We have two basic products: there's an API which you send text to and it analyses it and you get the result of that analysis back in a report. The second product, ‘MoodRaker’, is a dashboard. MoodRaker allows you to choose topics you’re interested in – for example, ‘Oxford University’ – you decide what text sources you’re interested in (blogs, RSSs, tweets, news sites etc) and the system then starts monitoring mentions of that and categorises and annotates them in various ways: for example, by sentiment.
We also tried to look for other things, like emotion (fear, anger, surprise). It’s particularly interesting to track emotion in political discussions. We also try to look out for sarcasm, we try to detect advertisements (because of course they’re always positive, which is going to skew your results), and we try to do some ‘topic detection’: is this a text about sport or finance or politics? We’re also beginning to look at demographic properties: gender, age and political orientation of the people writing the text.
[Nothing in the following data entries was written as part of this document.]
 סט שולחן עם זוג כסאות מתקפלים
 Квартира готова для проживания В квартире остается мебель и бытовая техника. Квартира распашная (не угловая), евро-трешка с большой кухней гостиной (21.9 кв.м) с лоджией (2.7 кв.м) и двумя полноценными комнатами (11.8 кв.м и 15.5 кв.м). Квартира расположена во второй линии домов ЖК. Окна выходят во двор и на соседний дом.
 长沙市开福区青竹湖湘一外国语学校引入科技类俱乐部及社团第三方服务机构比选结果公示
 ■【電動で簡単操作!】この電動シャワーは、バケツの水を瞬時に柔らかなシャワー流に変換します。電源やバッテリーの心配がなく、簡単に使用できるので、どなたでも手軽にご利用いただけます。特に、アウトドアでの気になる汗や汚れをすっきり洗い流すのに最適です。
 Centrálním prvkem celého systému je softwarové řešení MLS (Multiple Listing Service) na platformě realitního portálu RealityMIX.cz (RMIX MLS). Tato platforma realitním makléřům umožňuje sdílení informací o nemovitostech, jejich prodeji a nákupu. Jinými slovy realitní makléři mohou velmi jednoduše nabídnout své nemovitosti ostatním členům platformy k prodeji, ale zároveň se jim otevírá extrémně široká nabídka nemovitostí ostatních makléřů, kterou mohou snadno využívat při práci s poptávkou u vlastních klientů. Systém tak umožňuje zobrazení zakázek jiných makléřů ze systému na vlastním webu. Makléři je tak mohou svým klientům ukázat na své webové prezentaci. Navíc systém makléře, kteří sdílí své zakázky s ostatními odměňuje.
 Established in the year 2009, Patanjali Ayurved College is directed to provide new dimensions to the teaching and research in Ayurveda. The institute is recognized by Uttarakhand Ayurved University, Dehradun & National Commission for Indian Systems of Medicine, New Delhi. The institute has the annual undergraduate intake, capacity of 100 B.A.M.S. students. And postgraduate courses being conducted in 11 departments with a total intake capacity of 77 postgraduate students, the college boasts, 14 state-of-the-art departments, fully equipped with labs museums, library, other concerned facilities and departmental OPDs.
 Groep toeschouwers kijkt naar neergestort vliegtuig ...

What type of content are most of your clients interested in analysing with your tools?
It varies. Sometimes it’s social media. A lot of our clients are in the healthcare monitoring area, so in these cases there are various websites (for example the NHS) which people use to record their experience as a patient. But it can also be company reports, press reports.
A lot of the things we’ve done recently for fun are around politics. We were tracking what people were saying about the parties or people in, for example, the Corbyn campaign, the Scottish independence referendum and the general election. It’s very interesting, but we’re never trying to predict the outcome: you can’t assume that the people on social media are representative of the voting public (in fact quite the opposite in the case of the Scottish referendum – the independence campaign absolutely dominated social media, despite losing in the actual vote).
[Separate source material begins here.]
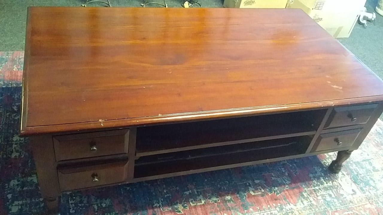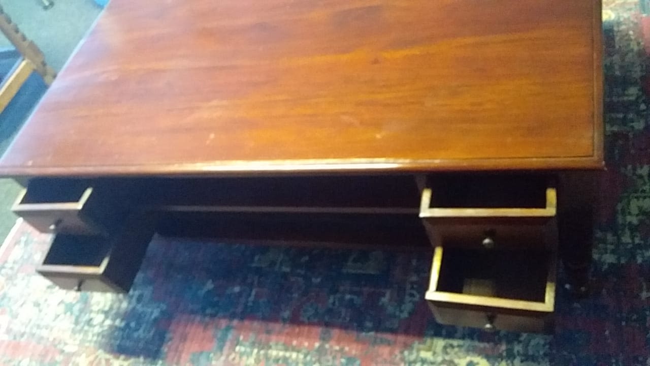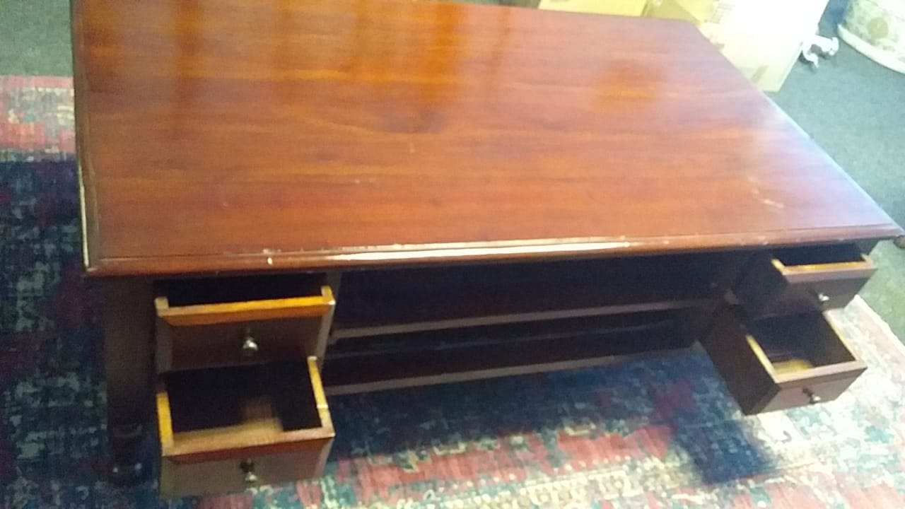 Solid Wood Magony Coffee Table with 8 Draws and 2 Large Comparments. Dimensions: 79cm x 140cm x 52cm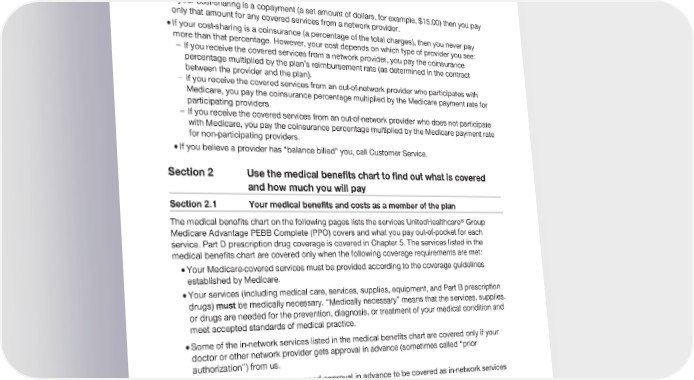 2024 Evidence of Coverage for UnitedHealthcare® Group Medicare Advantage PEBB Complete (PPO) Chapter 4: Medical Benefits Chart (what is covered and what you pay) 73 provider charges for a service and even if there is a dispute and we don’t pay certain provider charges. Here is how this protection works. · If your cost-sharing is a copayment (a set amount of dollars, for example, $15.00) then you pay only that amount for any covered services from a network provider. · If your cost-sharing is a coinsurance (a percentage of the total charges), then you never pay more than that percentage. However, your cost depends on which type of provider you see: - If you receive the covered services from a network provider, you pay the coinsurance percentage multiplied by the plan’s reimbursement rate (as determined in the contract between the provider and the plan). - If you receive the covered services from an out-of-network provider who participates with Medicare, you pay the coinsurance percentage multiplied by the Medicare payment rate for participating providers. - If you receive the covered services from an out-of-network provider who does not participate with Medicare, you pay the coinsurance percentage multiplied by the Medicare payment rate for non-participating providers. · If you believe a provider has “balance billed” you, call Customer Service. Section 2 Use the medical benefits chart to find out what is covered and how much you will pay Section 2.1 Your medical benefits and costs as a member of the plan The medical benefits chart on the following pages lists the services UnitedHealthcare® Group Medicare Advantage PEBB Complete (PPO) covers and what you pay out-of-pocket for each service. Part D prescription drug coverage is covered in Chapter 5. The services listed in the medical benefits chart are covered only when the following coverage requirements are met: · Your Medicare-covered services must be provided according to the coverage guidelines established by Medicare. · Your services (including medical care, services, supplies, equipment, and Part B prescription drugs) must be medically necessary. “Medically necessary” means that the services, supplies, or drugs are needed for the prevention, diagnosis, or treatment of your medical condition and meet accepted standards of medical practice. · Some of the in-network services listed in the medical benefits chart are covered only if your doctor or other network provider gets approval in advance (sometimes called “prior authorization”) from us. - Covered services that may need approval in advance to be covered as in-network services †† are marked by a double dagger ( ) in the medical benefits chart. - Network providers agree by contract to obtain prior authorization from the plan and agree to not balance bill you. - You never need approval in advance for out-of-network services from out-of-network providers.

Do you have to analyse British English differently to American English (‘not bad’ might mean really pretty good in the UK but is more likely to be a more indifferent sentiment in the US)?
We do calibrate for whether we’re processing American or British text, but the more difficult thing is to take into account the context in which particular words are being used. So if you’re talking about beer, then ‘cold’ is good; but if you’re talking about ‘coffee’ or ‘food’, it’s not. Then there can be differences depending on who’s producing the text. So if I describe something as ‘sick’, that’s not good. But if my son describes it as ‘sick’ – that’s a good thing.
It’s also very difficult to determine who the target audience is… the intended positivity or negativity can depend on the interests of the readers. If I read about oil prices coming down, I’m probably pleased about that, but if I’m an investor or the government (who want to get taxes from oil) then that could be perceived as negative. We’ve only got the text; we don’t know about the readers’ preferences or prejudices.
What would you ultimately like to consider the final legacy of your research to be?
It’s so nice to see your students all over the place. I’ve got former students in universities here, in London, in the US and in companies. It’s getting to the point where I see students of my students!
In terms of research, I’d hope people continue to use and develop my work, particularly where I’ve been able to combine linguistics with computing or logic, and I hope TheySay continues to be successful.